Probably the most unexpected result, however, was the impact of the extra hour or three people gained with the disappearance of congestion, and at the same time, the much decreased dependance on the automobile and all the issues its creates. The obsession with parking, for example, which bedevilled 20th-century Torontonians, evaporated. Road rage has also become a thing of the past. People are generally calmer and less paranoid.
The changes led to a shift in the culture of Toronto; people took the time to stop and chat — in the middle of the street. Port Lands kids now roam more freely than kids in the city had in decades. It helps that Toronto's current mayor, Jasmine Ansari, was elected on a platform of making the city, including its streets, safe for children.
Quayside was a game-changer; it wasn't just an example but also a reminder of what had been lost in a city where for as long as anyone could remember planners had allowed runaway development, no matter how unhealthy it was.
The Toronto condo boom took on a whole new meaning with the Exploding Glass Crisis of the late 2020s. Shoddy construction and cheap materials led to the abandonment of dozens of residential towers when the cladding started to come apart. Not only did thousands have to find new places to live, they lost millions when their condos became all but worthless.
The only good thing was that many were turned into vertical farms and the city now produces so much food it is nearly self-sufficient.

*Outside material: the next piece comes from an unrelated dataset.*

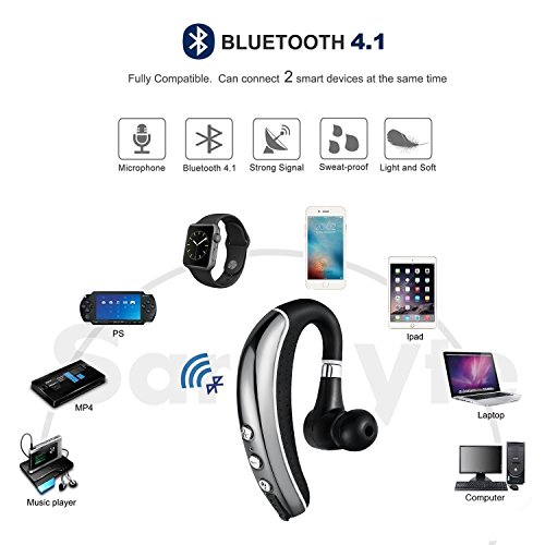 -. Feature : Stylish and compact design, smooth lines, simple and noble.The headset is lightweight and stable and the earplugs can rotate 180 degrees, suitable for the left and right ears, whether you are at work or in the gym is not easy to fall off, very comfortable to wear. / Bluetooth version 4.1,with built-in import high definition microphone . It can provide high-quality stereo audio experience no matter whether listening to music or making a phone call, the effect of sound is perfect. Equipped with mute button, support mute microphone, if you don't want the other party to hear your voic / Easy to use, easy to pair, control volume, start/stop the music, answer calls and move between songs.Supports Multipoint Technology,the wireless headset that work with all smartphone, tablets and music players. / Talking time:6-8 hours,playing time:6-7 hours, standby time:200 hours.1.5~2 hrs quick charge. / The bluetooth headset guarantee 12 months and 30 days no reason to return .

Little wonder the main criticism of the new Port Lands came from the development industry and city planners. Not only did Sidewalk Labs build better, it built cheaper and a whole lot faster. Because of artificial intelligence and the rise in unemployment, affordable housing remains a problem here and around the world. But modular construction techniques, tall wood-structure buildings, ultra-passive house technology and super-flexible design mean significantly lower building costs.
This is where the future came to Toronto. And this is where it will stay.Dave Lake, Future Ward 52 Councillor
In addition, district heating, photovoltaic surfaces, a micro-grid for electric vehicles as well as traditional touches such as awnings and canopies mean much less energy is consumed. Putting trash collection and recycling facilities underground also allows for the elimination of garbage trucks and bins from the streets.
Developers cried foul, of course, but except for the city councillors who represented them, they were largely ignored. Like the car manufacturers that stayed with fossil-fuel technology, they eventually disappeared. The planning department was put in charge of upgrading municipally owned buildings, which has kept it busy for the last two decades.
As local councillor Dave Lake (Ward 52 — Port Lands) likes to say, "This is where the future came to Toronto. And this is where it will stay."